### What you should do
The output should match, line for line, the records from the line containing "Leaving Waco, we" through the line containing "Спонтанно захотелось шашлыков, купили", with every picture left out.

### Extracted records

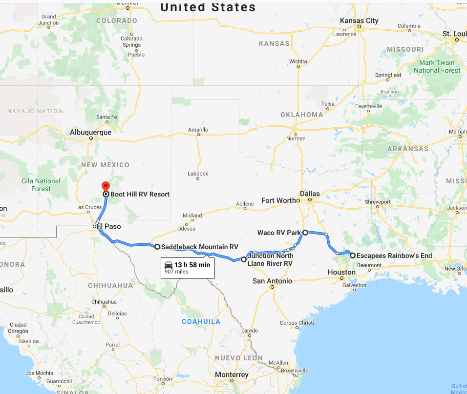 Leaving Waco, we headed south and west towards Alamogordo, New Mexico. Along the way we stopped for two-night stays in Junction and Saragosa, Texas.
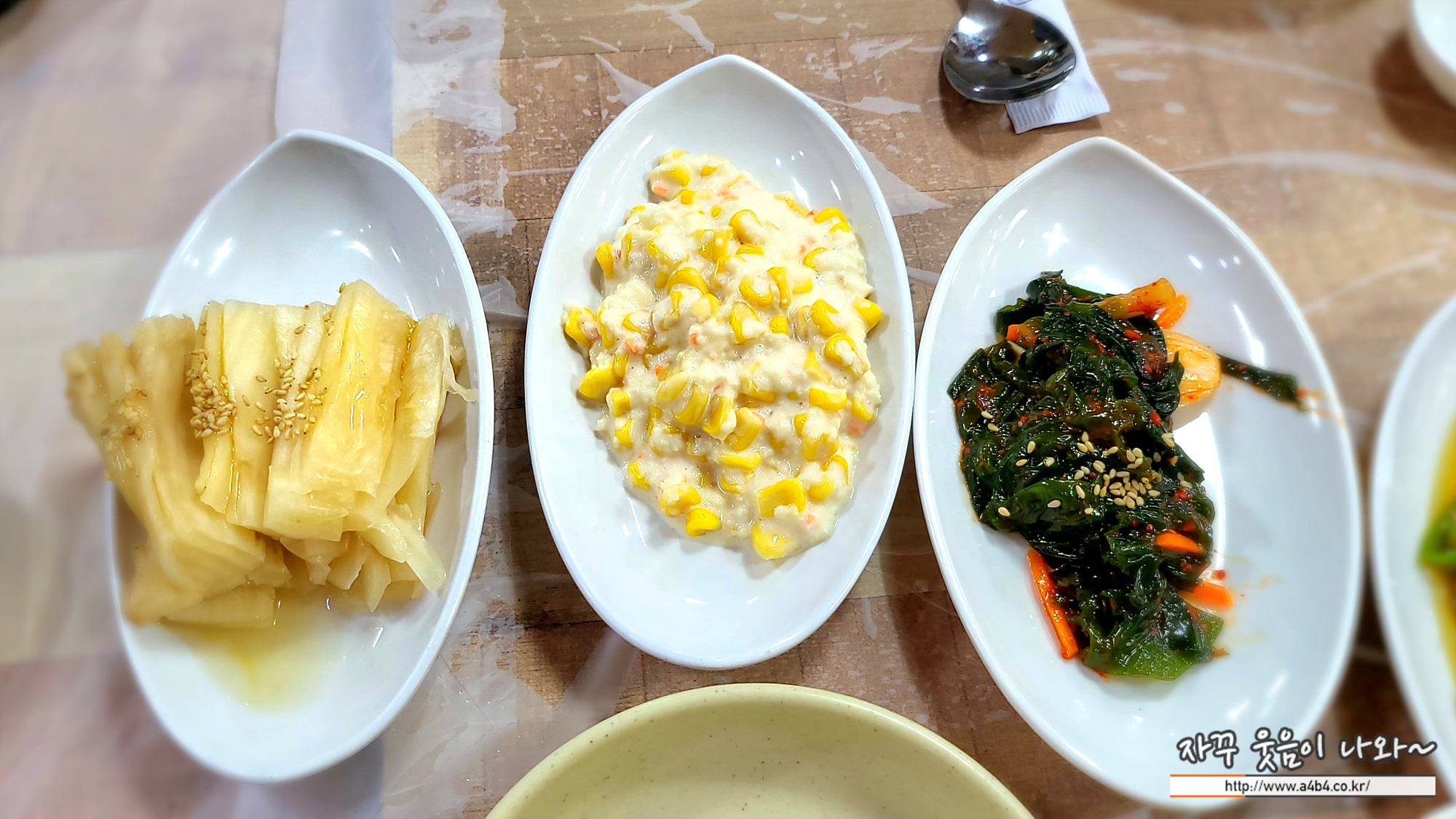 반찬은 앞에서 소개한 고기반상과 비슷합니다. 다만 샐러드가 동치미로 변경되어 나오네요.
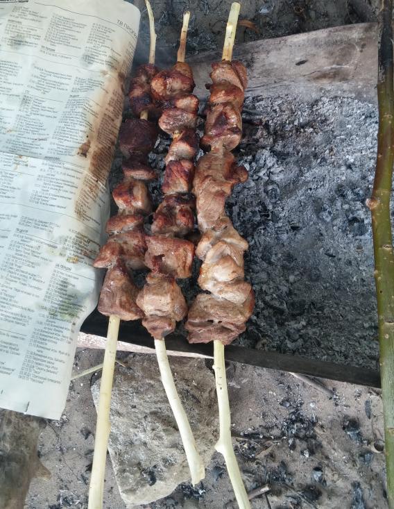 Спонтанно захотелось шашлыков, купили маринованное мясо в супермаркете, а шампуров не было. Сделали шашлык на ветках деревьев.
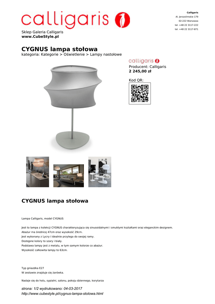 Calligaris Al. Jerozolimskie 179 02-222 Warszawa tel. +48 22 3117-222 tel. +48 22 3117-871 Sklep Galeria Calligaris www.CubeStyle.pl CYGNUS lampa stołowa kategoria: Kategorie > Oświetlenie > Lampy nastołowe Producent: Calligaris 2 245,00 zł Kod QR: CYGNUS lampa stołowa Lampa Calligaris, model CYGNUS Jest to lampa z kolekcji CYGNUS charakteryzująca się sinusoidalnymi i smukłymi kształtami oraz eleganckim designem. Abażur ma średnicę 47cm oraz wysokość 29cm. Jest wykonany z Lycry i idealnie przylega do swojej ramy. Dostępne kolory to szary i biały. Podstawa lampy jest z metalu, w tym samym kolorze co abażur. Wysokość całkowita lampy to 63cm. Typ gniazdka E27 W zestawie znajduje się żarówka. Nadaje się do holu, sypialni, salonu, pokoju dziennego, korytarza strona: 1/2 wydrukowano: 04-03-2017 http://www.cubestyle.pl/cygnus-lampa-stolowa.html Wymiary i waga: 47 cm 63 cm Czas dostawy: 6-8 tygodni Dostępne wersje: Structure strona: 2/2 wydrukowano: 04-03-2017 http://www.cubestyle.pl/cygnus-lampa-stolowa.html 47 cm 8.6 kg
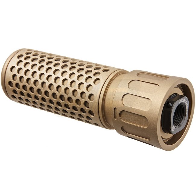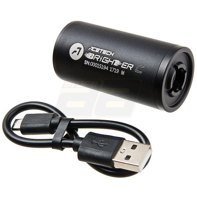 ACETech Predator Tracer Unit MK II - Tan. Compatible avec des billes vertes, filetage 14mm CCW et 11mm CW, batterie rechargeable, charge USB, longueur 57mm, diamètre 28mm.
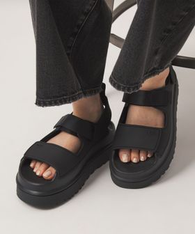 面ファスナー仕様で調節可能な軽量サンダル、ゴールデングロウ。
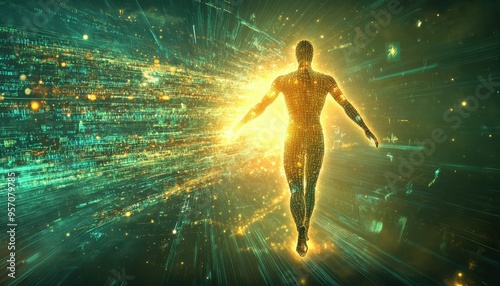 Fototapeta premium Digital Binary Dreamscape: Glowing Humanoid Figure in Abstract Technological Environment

...

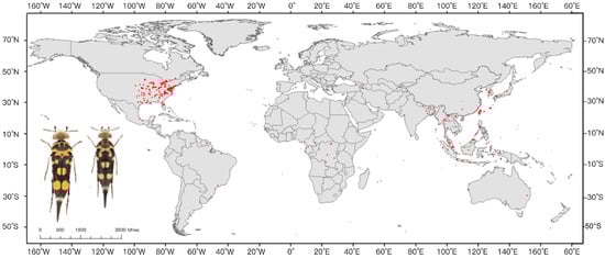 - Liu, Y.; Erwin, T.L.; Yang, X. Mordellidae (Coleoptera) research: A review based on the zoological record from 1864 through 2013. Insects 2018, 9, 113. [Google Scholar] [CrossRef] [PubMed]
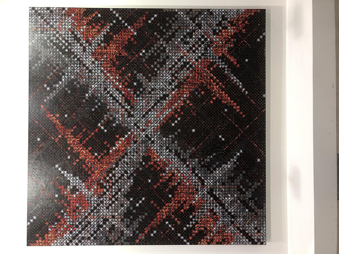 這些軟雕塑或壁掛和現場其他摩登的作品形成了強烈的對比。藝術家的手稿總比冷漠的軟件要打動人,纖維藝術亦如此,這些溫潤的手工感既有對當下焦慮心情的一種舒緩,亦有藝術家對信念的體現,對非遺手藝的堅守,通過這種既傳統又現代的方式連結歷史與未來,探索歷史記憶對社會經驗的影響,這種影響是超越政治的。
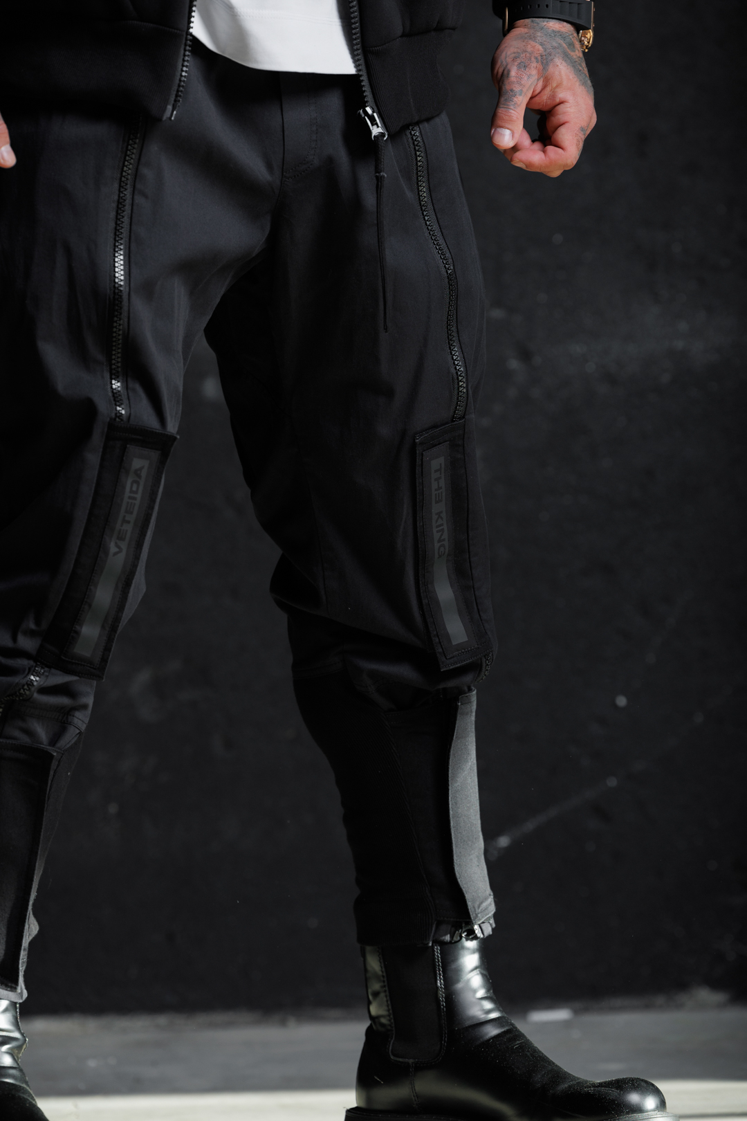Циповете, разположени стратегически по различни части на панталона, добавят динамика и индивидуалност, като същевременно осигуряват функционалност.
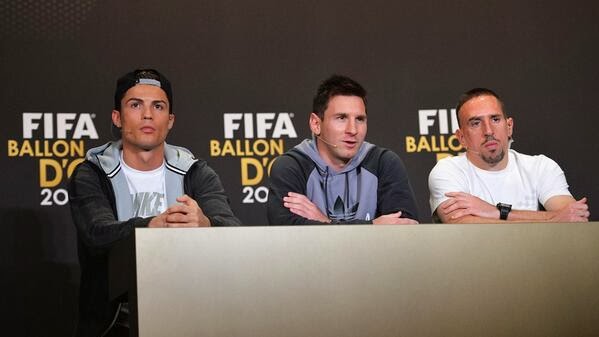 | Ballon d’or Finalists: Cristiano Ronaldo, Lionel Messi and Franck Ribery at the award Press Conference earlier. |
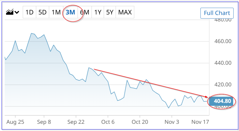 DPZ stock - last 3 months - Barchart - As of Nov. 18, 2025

...

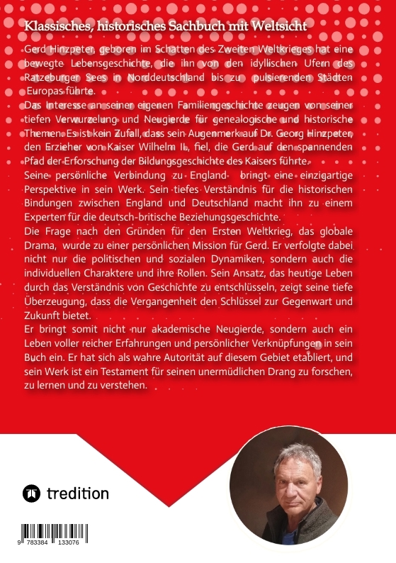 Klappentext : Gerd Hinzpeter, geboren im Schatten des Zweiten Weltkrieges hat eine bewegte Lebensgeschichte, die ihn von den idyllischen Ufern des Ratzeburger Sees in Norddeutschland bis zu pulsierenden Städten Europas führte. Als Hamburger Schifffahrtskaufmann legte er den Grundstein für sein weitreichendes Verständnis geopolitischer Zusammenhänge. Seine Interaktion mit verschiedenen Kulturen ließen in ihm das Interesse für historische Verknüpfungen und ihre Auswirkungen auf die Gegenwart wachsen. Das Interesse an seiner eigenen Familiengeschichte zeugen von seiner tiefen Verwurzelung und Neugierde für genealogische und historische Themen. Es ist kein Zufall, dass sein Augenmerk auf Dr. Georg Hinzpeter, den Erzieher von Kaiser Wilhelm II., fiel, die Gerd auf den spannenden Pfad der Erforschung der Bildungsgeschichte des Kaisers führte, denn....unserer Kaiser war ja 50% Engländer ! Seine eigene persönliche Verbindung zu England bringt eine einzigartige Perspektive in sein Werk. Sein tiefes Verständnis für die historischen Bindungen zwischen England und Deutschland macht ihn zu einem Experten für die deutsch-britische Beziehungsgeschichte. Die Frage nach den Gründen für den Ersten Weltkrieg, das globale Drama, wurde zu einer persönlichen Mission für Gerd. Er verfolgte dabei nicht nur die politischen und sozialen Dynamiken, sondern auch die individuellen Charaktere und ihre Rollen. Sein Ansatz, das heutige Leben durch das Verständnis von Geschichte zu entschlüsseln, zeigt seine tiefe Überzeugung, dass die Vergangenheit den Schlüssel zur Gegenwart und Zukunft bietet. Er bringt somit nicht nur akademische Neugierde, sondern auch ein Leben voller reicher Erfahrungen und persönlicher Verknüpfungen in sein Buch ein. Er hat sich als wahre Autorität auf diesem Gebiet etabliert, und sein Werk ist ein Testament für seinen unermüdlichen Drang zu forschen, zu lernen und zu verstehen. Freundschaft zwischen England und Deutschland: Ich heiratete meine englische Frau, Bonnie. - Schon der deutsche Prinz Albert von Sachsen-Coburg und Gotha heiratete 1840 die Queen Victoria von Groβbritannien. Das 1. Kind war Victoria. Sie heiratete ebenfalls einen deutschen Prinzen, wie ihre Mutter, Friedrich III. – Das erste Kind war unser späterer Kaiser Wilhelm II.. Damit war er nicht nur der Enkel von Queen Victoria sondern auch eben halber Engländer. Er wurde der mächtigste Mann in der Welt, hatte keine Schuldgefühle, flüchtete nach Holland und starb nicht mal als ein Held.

### Exercise solution
 Leaving Waco, we headed south and west towards Alamogordo, New Mexico. Along the way we stopped for two-night stays in Junction and Saragosa, Texas.
 반찬은 앞에서 소개한 고기반상과 비슷합니다. 다만 샐러드가 동치미로 변경되어 나오네요.
 Спонтанно захотелось шашлыков, купили маринованное мясо в супермаркете, а шампуров не было. Сделали шашлык на ветках деревьев.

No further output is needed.